My colleagues and I get along well and work together well.
I've had male and female mentors, and in turn mentor males and females.
No chips on my shoulder.


Well if you are talking about SAHMs married to rich husbands who can hire nanny + house keeper and spend half the day at Barry’s boot camp, yes I admit I am jealous.
But if you live in avg house in an avg neighborhood and have to think twice about getting a $600 dress then I don’t wish to be you at all
Anonymous
Anonymous wrote:I think it's always a good rule of thumb to avoid assuming people are jealous of you.

Yes, OP, get over yourself. You need to be around some working people. You will quickly learn that there are many scenarios for parents.
Anonymous
Anonymous wrote:
Anonymous wrote:I think it's always a good rule of thumb to avoid assuming people are jealous of you.
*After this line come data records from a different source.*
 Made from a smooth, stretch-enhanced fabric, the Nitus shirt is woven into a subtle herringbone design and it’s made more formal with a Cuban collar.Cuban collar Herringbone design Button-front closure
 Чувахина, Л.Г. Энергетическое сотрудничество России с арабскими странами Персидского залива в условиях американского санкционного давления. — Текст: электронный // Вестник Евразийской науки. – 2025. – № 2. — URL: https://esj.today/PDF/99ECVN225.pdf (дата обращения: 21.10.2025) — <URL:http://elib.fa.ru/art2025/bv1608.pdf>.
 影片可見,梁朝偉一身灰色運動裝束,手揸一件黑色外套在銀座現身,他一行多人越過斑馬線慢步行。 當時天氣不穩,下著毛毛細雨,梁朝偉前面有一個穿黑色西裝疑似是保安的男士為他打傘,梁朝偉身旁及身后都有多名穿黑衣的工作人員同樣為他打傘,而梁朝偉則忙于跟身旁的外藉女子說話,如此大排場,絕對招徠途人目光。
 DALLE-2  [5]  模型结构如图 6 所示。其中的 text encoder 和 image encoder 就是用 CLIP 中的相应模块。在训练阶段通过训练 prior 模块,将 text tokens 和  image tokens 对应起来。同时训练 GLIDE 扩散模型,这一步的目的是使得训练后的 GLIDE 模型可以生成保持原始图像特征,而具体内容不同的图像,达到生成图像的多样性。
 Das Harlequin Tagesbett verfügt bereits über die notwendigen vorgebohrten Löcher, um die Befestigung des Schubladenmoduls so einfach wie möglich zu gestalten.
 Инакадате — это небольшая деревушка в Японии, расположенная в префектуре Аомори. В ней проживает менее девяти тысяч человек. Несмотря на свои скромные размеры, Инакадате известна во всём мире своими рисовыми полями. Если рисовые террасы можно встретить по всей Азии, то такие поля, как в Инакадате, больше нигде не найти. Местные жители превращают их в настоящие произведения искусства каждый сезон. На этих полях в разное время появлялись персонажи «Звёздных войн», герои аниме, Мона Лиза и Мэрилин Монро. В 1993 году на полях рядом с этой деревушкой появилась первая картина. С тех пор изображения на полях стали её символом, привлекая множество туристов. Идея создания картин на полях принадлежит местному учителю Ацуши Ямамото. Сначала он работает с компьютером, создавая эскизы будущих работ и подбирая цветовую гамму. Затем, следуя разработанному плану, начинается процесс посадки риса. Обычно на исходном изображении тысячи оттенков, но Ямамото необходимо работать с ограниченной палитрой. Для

Yes, OP, get over yourself. You need to be around some working people. You will quickly learn that there are many scenarios for parents.
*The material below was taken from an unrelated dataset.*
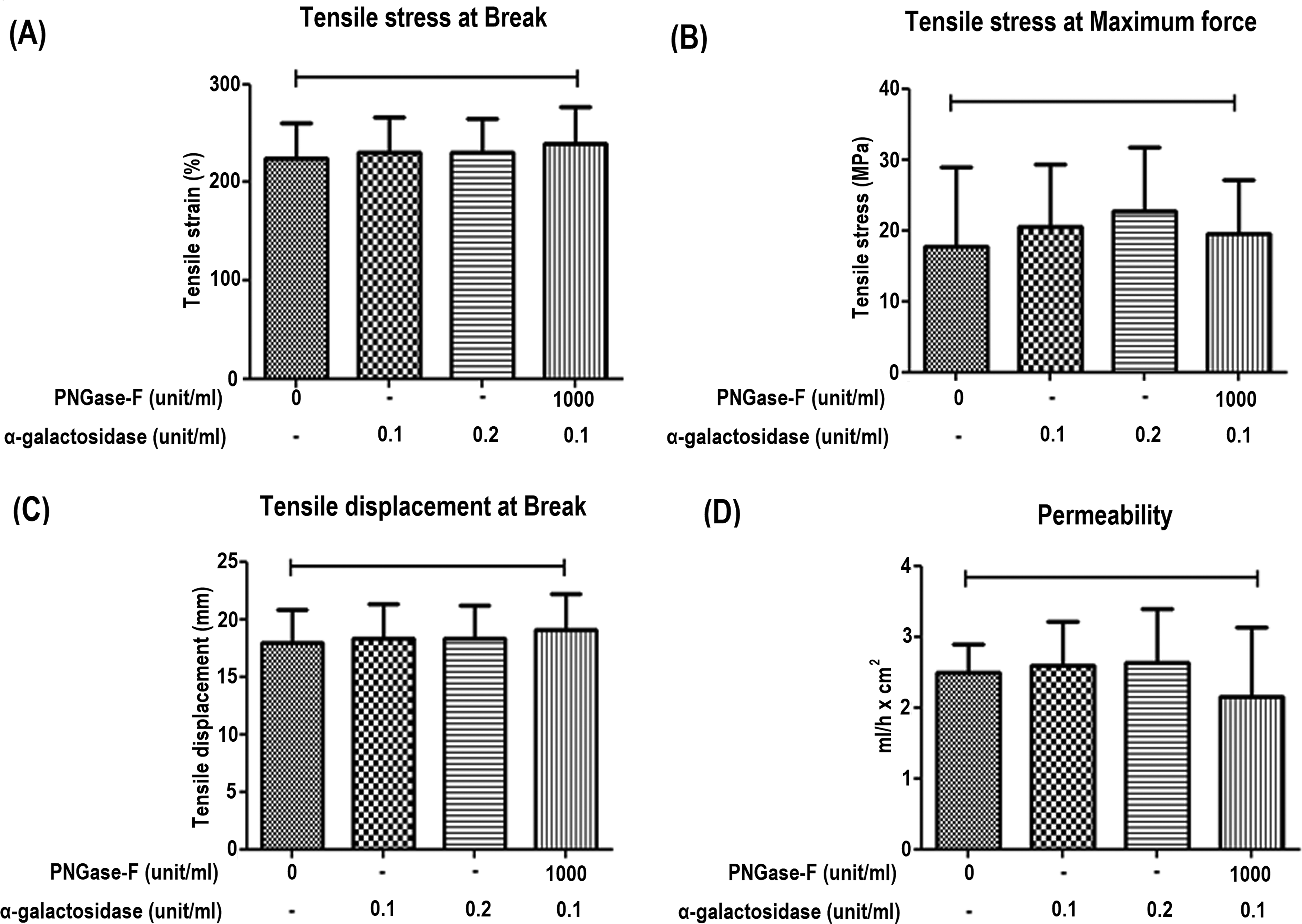 Biomechanical properties were determined with a uniaxial tensile test and a permeability test. The tensile stress and permeability test showed no significant differences between native porcine tissue and the differently (0–1000 unit/mL) PNGase-F-treated porcine tissue and differently (0.1–0.2 unit/mL) α-galactosidase-treated porcine tissue and PNGase-F and α-galactosidase both treated porcine tissue (Fig. 2). These findings suggested that the effects of PNGase-F/α-galactosidase treatment concentration and combination were not reflected in the biomechanical properties of the porcine pericardium.

I mean we’re all jealous of the Sahm married to a guy who makes 1m and she has a housekeeper and nanny. Not so jealous of those whose husbands make 200k and they had to pull back on retirement funding college and travel.
Anonymous
Anonymous wrote:
Anonymous wrote:
Anonymous wrote:
Anonymous wrote:Don’t be arrogant in your interview.

Remember you are essentially a new college grad with no experience and out of date skills.

Don’t mention you have kids because after SAH it’s clear your h has no interest in being involved in the kids lives so they will assume you will take off every time they are sick.

Say you took time to care for a dying aunt.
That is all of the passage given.